Un diálogo urbano

El País, J. ERNESTO AYALA-DIP, 15-04-2010

Hace unos días me reencontré con un antiguo compañero de faena. Él es colombiano y actualmente trabaja como gerente en una fábrica de muebles. “Hace mucho que dejamos tú y yo de ser inmigrantes”, me dijo, “aunque siempre queda algo en el alma”, agregó como si no le cupiera ninguna duda. Nos habíamos conocido en un hotel de Calafell: a él lo habían contratado como pinche de cocina. A mí me rechazaron por hablar más de la cuenta: para fregar platos no necesitamos universitarios, me espetaron.

Como la vida da muchas vueltas, volvimos a coincidir un año después en el otrora Drugstore del paseo de Gràcia como dependientes nocturnos. Ese antro entrañable y variopinto de los años setenta, como sacado de una pintura expresionista, con sus prostitutas de lujo, sus burgueses recién salidos del Liceu, sus puntuales policías de paisano, sus progres urdiendo diversos sistemas para desvalijar la mítica librería que había en el altillo, sus borrachos infatigables, todo en una atmósfera de tabaco, sudor y libertades subterráneas. “¿Te acuerdas de aquel jefe de planta que siempre nos confundía?”. Nuestro jefe era un ex guardia civil, bonachón y bastante decisivo en nuestras respectivas vidas, porque fue quien nos hizo fijos y gracias a ello pudimos tramitar nuestro permiso de trabajo (que lo gestionaba la propia empresa) y la automática residencia.

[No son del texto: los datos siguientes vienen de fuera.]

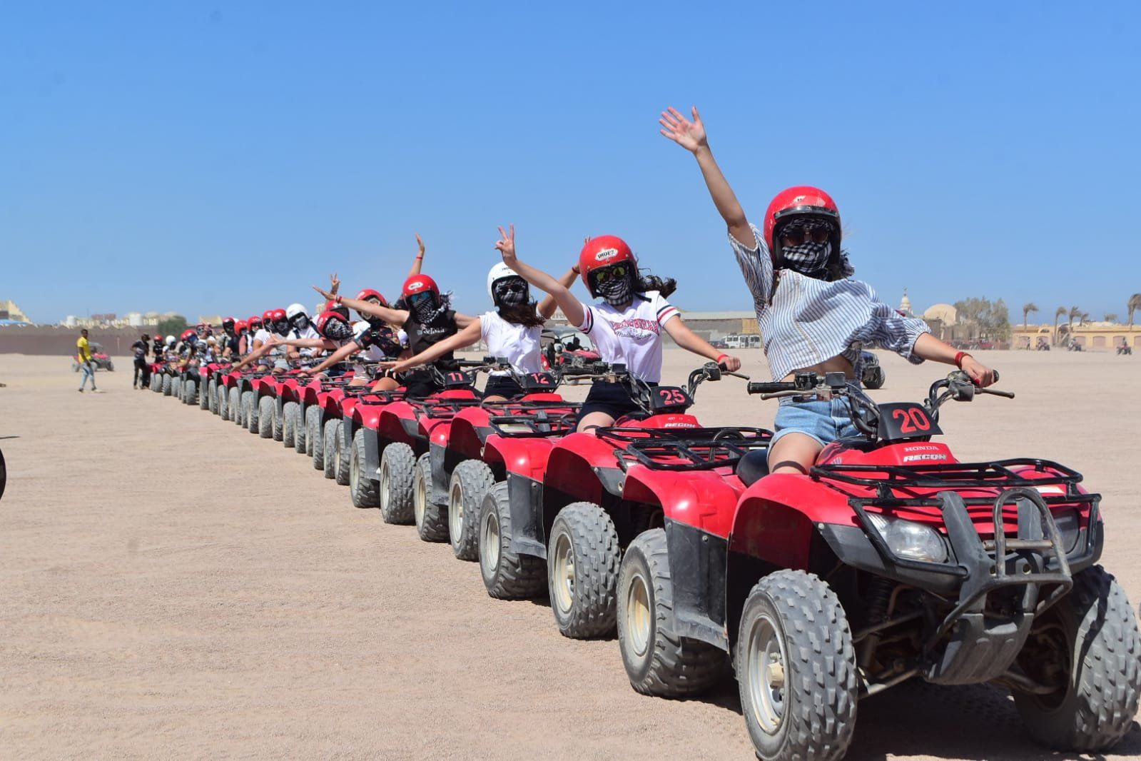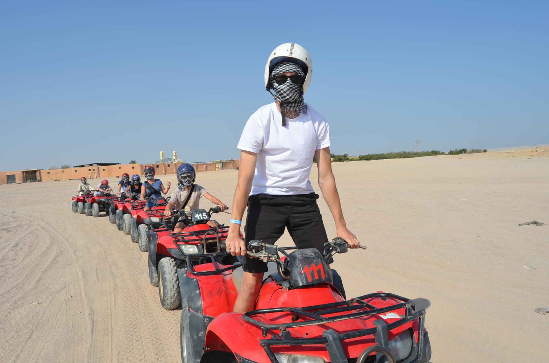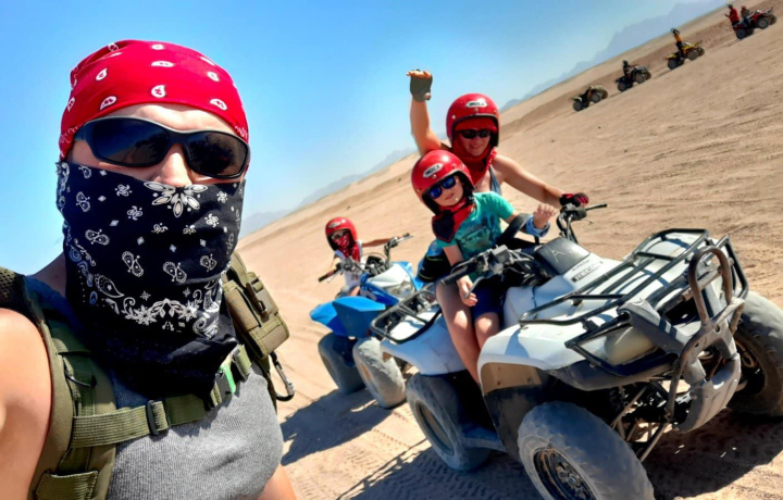 Всего 20 минут от Хургады — и мы в сказочно красивой Аравийской пустыне. На базе наш квалифицированный инструктор покажет, как управлять квадроциклом. Это совсем не сложно и не требует навыков вождения. И вот 45 минут едете по пустыне, наслаждаясь окружающими фантастическими пейзажами. Около часа остановимся в деревне бедуинов, где вы сможете отдохнуть, прокатиться на верблюде, сделать красивые фото, попробовать бедуинский чай и местный хлеб, который здесь же и изготавливается.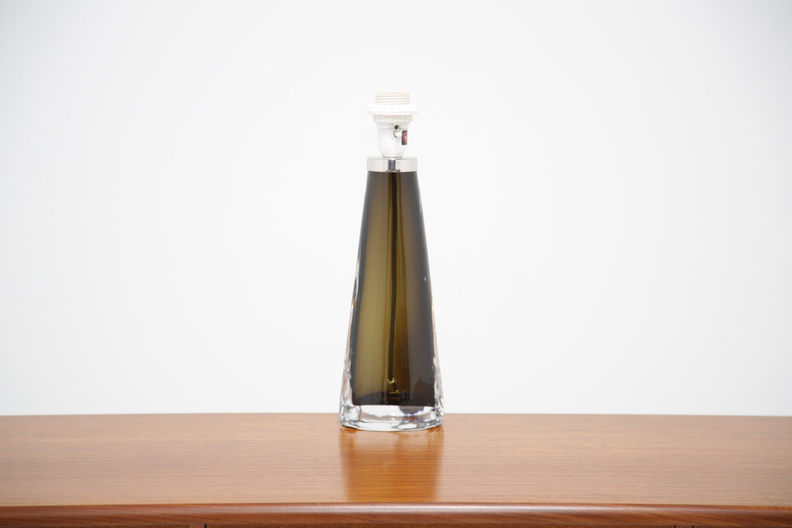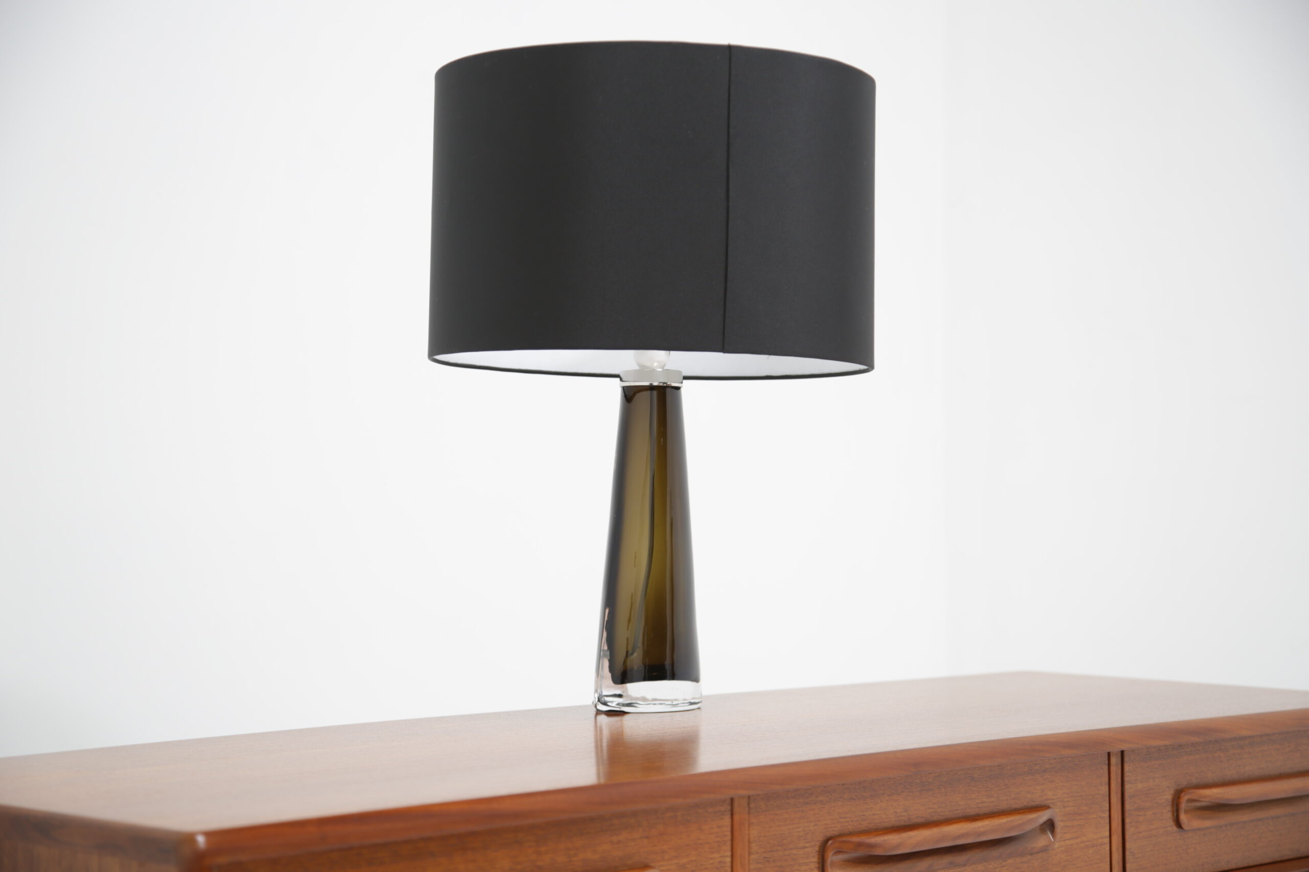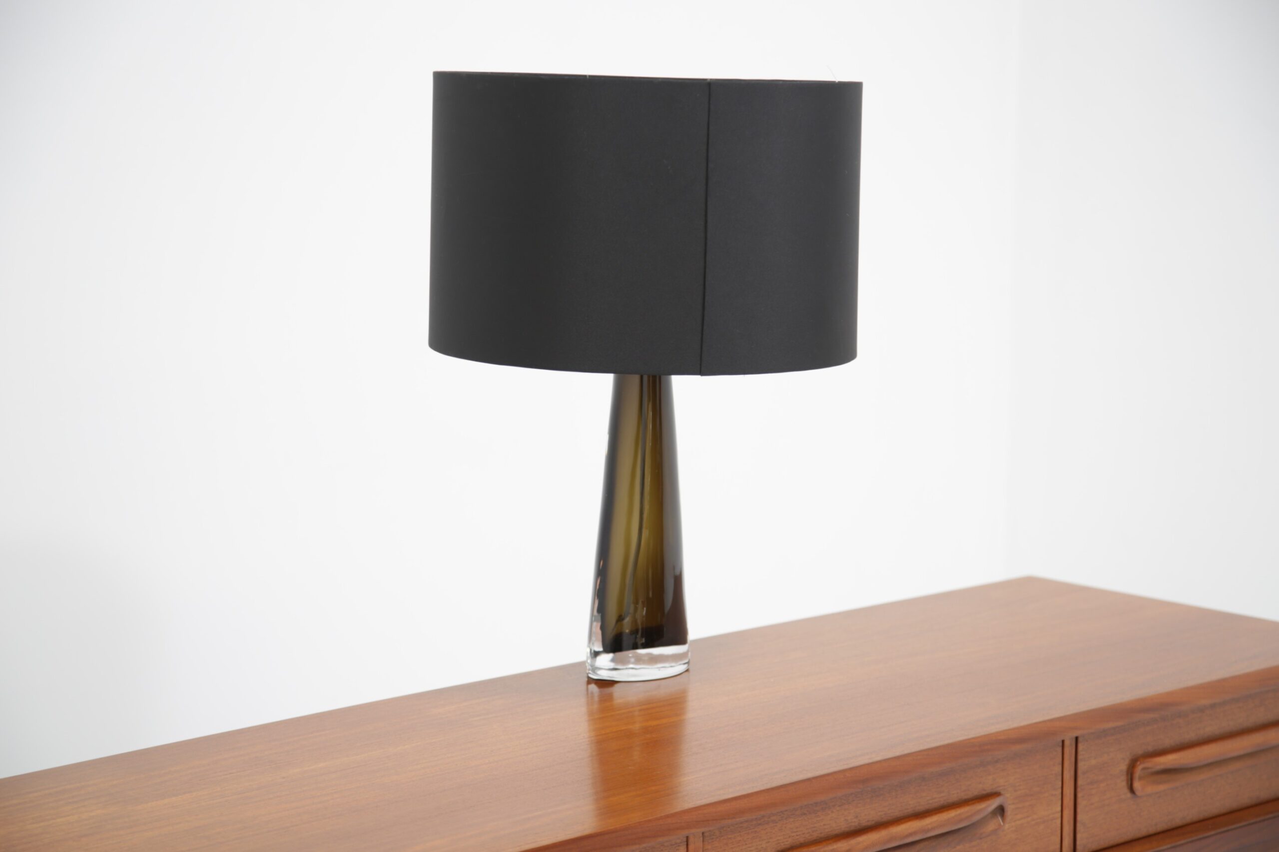 Carl Fagerlund is a popular household name in Sweden and has gained world-wide attention for his interesting table and ceiling lamps, often manufactured with interesting colors and shapes. This table lamp is no different, featuring a triangular tapered form in an olive green and clear glass that is heavy. We have paired the lamp with a modern black fabric shade. The lamp is signed on the base and includes the original sticker from Orrefors. Absolutely stunning lamp that will add a vintage charm to any interior.

“Ernesto, ¿usted es paraguayo, no?”, me preguntaba como si le molestara la duda. “No, yo soy argentino”. “Ah, perdone, el paraguayo es César”. “No, César es colombiano”. Su debilidad era Nino Bravo: no porque nuestro jefe fuera fan suyo, sino porque había descubierto que eso estimulaba la pulsión consumista de las meretrices que mezclaban la fervorosa audición del cantante valenciano con la compulsiva adquisición de unas horribles jirafas de peluche y unos carísimos perfumes que pagaban sus ocasionales clientes.

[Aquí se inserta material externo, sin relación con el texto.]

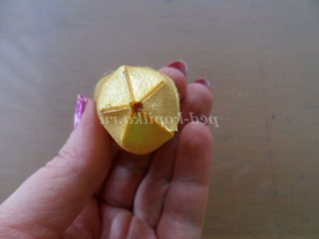 Потім, насадивши віночок квітки на зубочистку або металевий стрижень, споюємо пелюстки і віночок.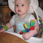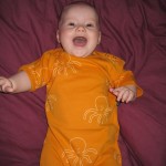 Karen har fået vasket hår i dag – for første gang. Hun blev placeret på en vaskeklud i en høj stol fra IKEA i bruseren og så brugte jeg en af Ellens vandkander til at hælde vand over hende. Hun synes det var vældig sjovt.

“En nuestra época de inmigrantes apenas teníamos competencia, cómo cambiaron los tiempos”, certificó César con cierto aire sociológico. “Bueno, eso nos hizo todo más fácil”, dije. “No sé qué habría sido de mí si me hubiera marchado”, habló como si lo comentara consigo mismo. “Menos mal que ya no somos inmigrantes, sino ahora nos llamarían ’personas inmigrantes”, acotó con un alivio irónico, y nos fuimos a tomar un café. Es cierto, inmigrantes ya no somos, pensé, pero para los demás algo extranjeros siempre seremos. Y no es una queja, Dios me libre de semejante ingratitud.